> **Problem to work on**: Below are the records; copy every line in them that holds the string "access".

-- Data under study follows --

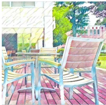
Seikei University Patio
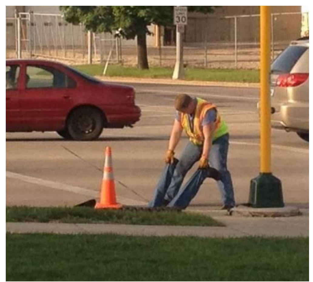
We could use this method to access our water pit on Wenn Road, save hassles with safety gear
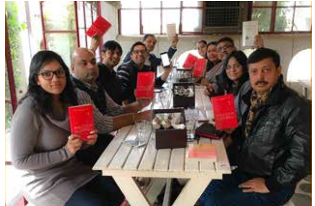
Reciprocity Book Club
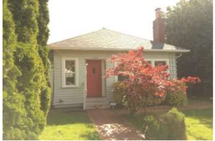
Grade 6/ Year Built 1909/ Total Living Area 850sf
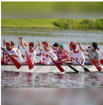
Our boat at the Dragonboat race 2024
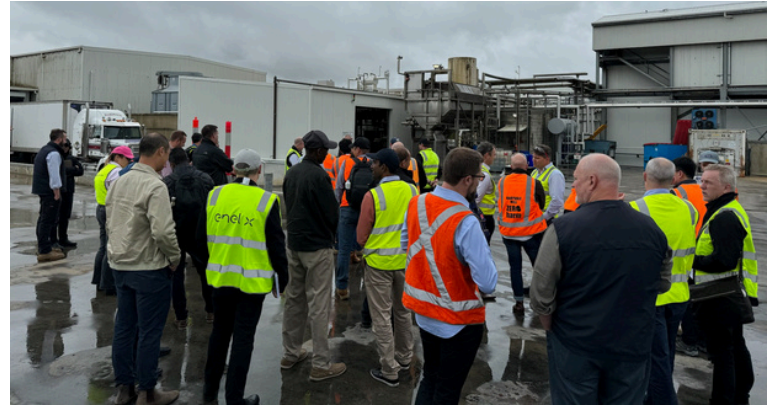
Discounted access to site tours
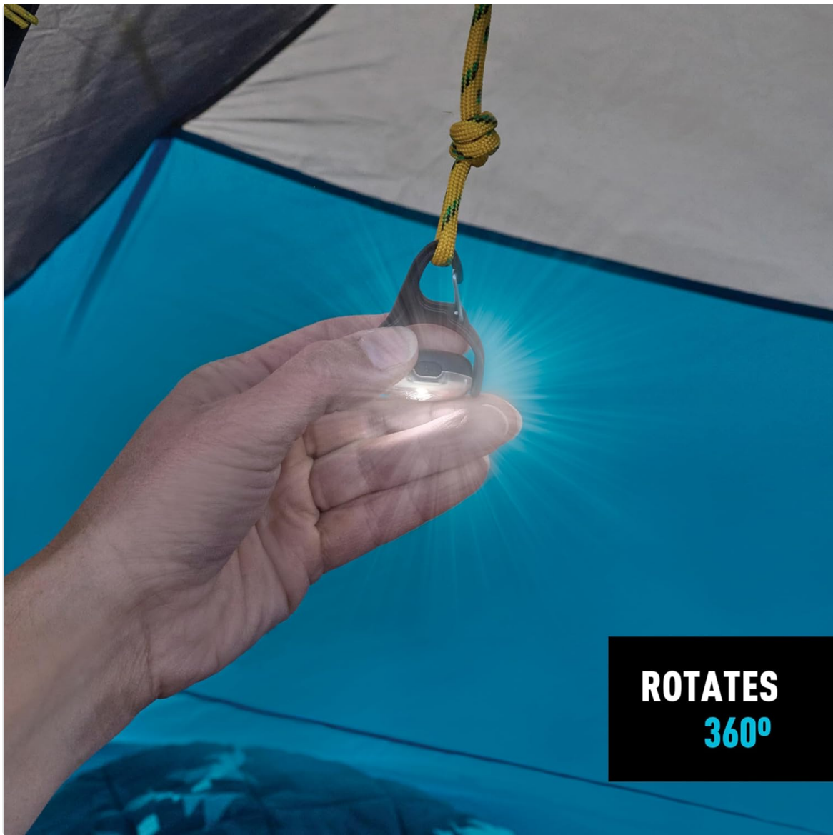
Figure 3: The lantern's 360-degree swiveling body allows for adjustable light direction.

-- Data under study concluded --

> **Answer for the task**:
We could use this method to access our water pit on Wenn Road, save hassles with safety gear
Discounted access to site tours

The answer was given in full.